Most birthdays, at least most birthdays since I've been over the age of fifteen, haven't felt like that big of deal. I wake up feeling the same as I did when I went to sleep. Aside from a cake and family get together I've never wanted to make a big fuss over my birthday. Nor have I gotten emotional over being a year older.
I don't intend to come across as a scrooge who doesn't enjoy merriment and celebration. I love to bake cakes for family birthday parties and I'm the loudest "happy birthday" singer in the crowd, I just don't make much of my own birthday. I don't require a special hat with the words "birthday girl" inscribed along the brim or a special sash made of bright colors and an abundance of sparkles and feathers. I'm more of a low-key type birthday girl.
Given my uneventful adult birthday past you may be surprised to find that my twenty fifth birthday has felt monumental. Surprised? Me too. I didn't expect to feel much of anything when I woke up this morning but somehow, for some reason the number "twenty five" hit me and gave me pause. Twenty five years is a quarter of a century. Twenty five years is the silver anniversary. Twenty five years is a big deal! Married couples celebrate with parties or special trips. They give each other gifts made of this precious metal. They receive cards displaying the sentiment, "Like silver, may your marriage continue to shine in splendor and radiance all of your days as you grow old together." Clearly, twenty five is a big deal. It is precious, just like silver.
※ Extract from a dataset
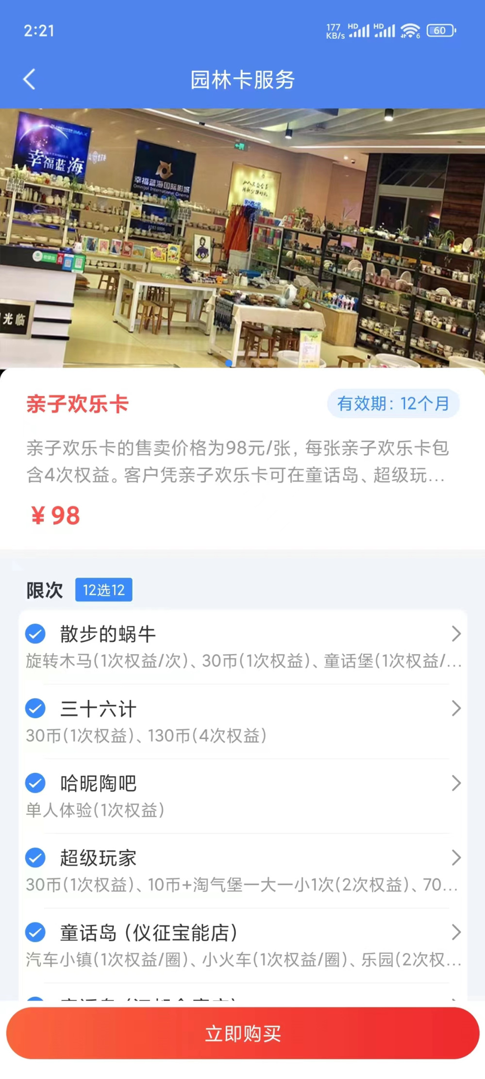 親子歡樂卡的售賣價格為98元/張,每張親子歡樂卡包含4次權(quán)益。

Of course, every birthday and each day lived is precious. God doesn't make "throw away days" or "throw away birthdays" that are meaningless or unimportant. Yet, in all honesty, how many of us treat each day as if it were precious and worthy of celebration? I know I don't. But today on this twenty fifth birthday I stopped and took an account of my life and here's what I determined : It is precious. It is worth celebrating. Not because of anything I've done but because of what God has done and continues to do each day.
Over the past year God has proven to me just how precious I am by sustaining my body. At this very time last year I was slipping further into a flare up of multiple sclerosis. That flare up would last nearly eight months, stripping me of strength and even jeopardizing my ability to see. But God protected me and saw me through that ordeal. During nights when I thought my body was giving out in the middle of severe hot flashes and extreme muscle spasms, God preserved me. He did not carry me through all that pain and suffering for nothing. I was spared for a purpose. I was spared because I am precious to God.
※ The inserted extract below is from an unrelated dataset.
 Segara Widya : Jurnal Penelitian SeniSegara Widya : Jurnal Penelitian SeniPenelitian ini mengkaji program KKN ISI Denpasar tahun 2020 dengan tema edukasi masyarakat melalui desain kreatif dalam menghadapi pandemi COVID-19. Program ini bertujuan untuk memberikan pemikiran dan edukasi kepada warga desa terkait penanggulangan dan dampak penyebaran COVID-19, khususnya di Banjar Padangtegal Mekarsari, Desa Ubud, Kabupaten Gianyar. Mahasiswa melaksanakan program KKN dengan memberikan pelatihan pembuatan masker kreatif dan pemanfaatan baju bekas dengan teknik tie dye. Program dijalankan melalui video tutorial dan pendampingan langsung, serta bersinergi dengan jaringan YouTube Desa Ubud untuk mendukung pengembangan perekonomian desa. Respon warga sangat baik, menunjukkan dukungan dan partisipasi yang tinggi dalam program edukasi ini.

Like silver, God has been polishing me. He has spent the last twenty five years polishing me and getting me ready for...only He knows what. That is the great mystery of being in the care of God. He has plans for you and me but He doesn't reveal them while He is preparing us for them. We simply must trust that all the uncomfortable rubbing, the years of being set apart in a drawer, the time spent in preparation, has a purpose.
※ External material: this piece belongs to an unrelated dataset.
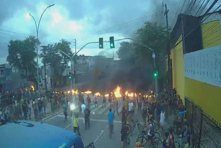 Manifestantes bloqueiam o trânsito na avenida Abdias de Carvalho, no Recife, em um protesto que interrompeu a circulação nos dois sentidos da via. O grupo exige respostas das autoridades em relação à morte de dois jovens que se afogaram ao tentar escapar de um assalto no Açude do Prata. As imagens mostram pneus queimando e bloqueando a avenida Abdias de Carvalho, em uma manifestação que ocorreu no bairro dos Torrões, na Zona Oeste da cidade.

God is getting me ready for the plans He has for me. Good, perfect, amazing plans. I'm twenty five years into that plan and every year it just gets more interesting and more unexpected. Every year there is a new layer to the cake, a new piece to the puzzle and new evidence that I am precious to God. Some days this polishing process is uncomfortable but in the end I know it is for my good because I am a treasured piece of silver in the hands of God and He is making me beautiful in His time.